Joseph Kreutzer formed the company of the same name in Los Angeles in late 1928. In 1929 the firm moved to Clover Field, Santa Monica, California, occupying the former Bach aircraft factory. Kreutzer was joined by Lawrence Brown and Albin Peterson who had designed the Brown-Mercury C-2.

Kreutzer developed a series of small high-winged trimotor light transport aircraft, naming each the Air Coach. Each had a fixed tailwheel undercarriage with the two outboard engined slung from the supporting bracing struts to the high wing. The first model was the K-1 Air Coach of late 1928 which was powered by three 65 hp Velie engines and accommodated four persons. The sole example NX71E first flew on 5 December 1928. It was later fitted with a single 330 hp J6-9 engine and a hopper for agricultural purposes. It crashed at Yuba City California in 1936.

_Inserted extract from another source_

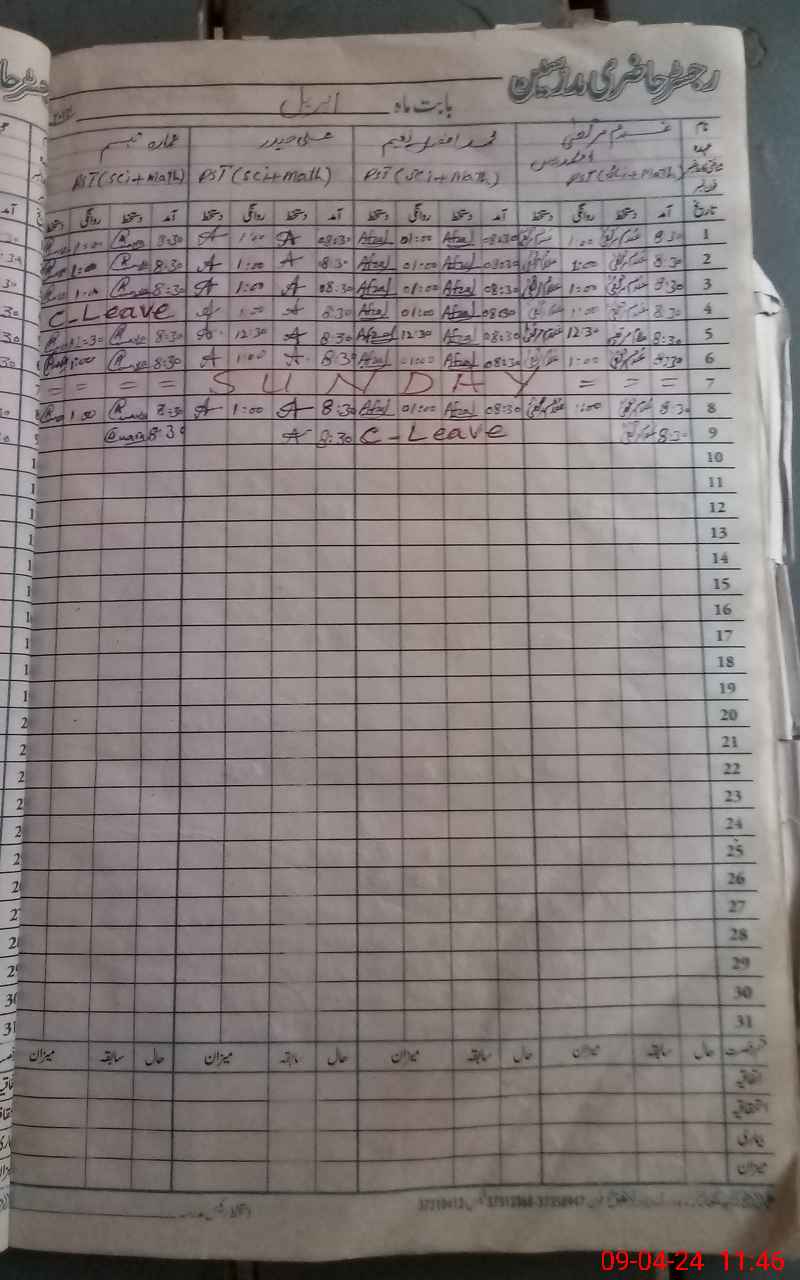 | CNIC | Full Name | Designation | R/C | Absence During Last Calender Month |

The next Air Coach was the K-2 of 1929 which had a similar wing span but was lengthened by five feet to permit six persons to be carried. The K-2 was fitted with one 90 hp and two 60 hp LeBlond engines. Four examples were built. The K-3 was similar to the K-2 but was fitted with three 90 hp LeBlond engines. Two were built and two earlier machines converted to this standard. The K-4 designation was not used.

The K-5 Air Coach, also of 1929, had similar dimensions to the K-2 and K-3 but was fitted with three 100 hp five-cylinder Kinner K-5 engines. The extra power enabled heavier loads to be carried and in addition to eight new-build aircraft, one earlier aircraft was converted to this standard.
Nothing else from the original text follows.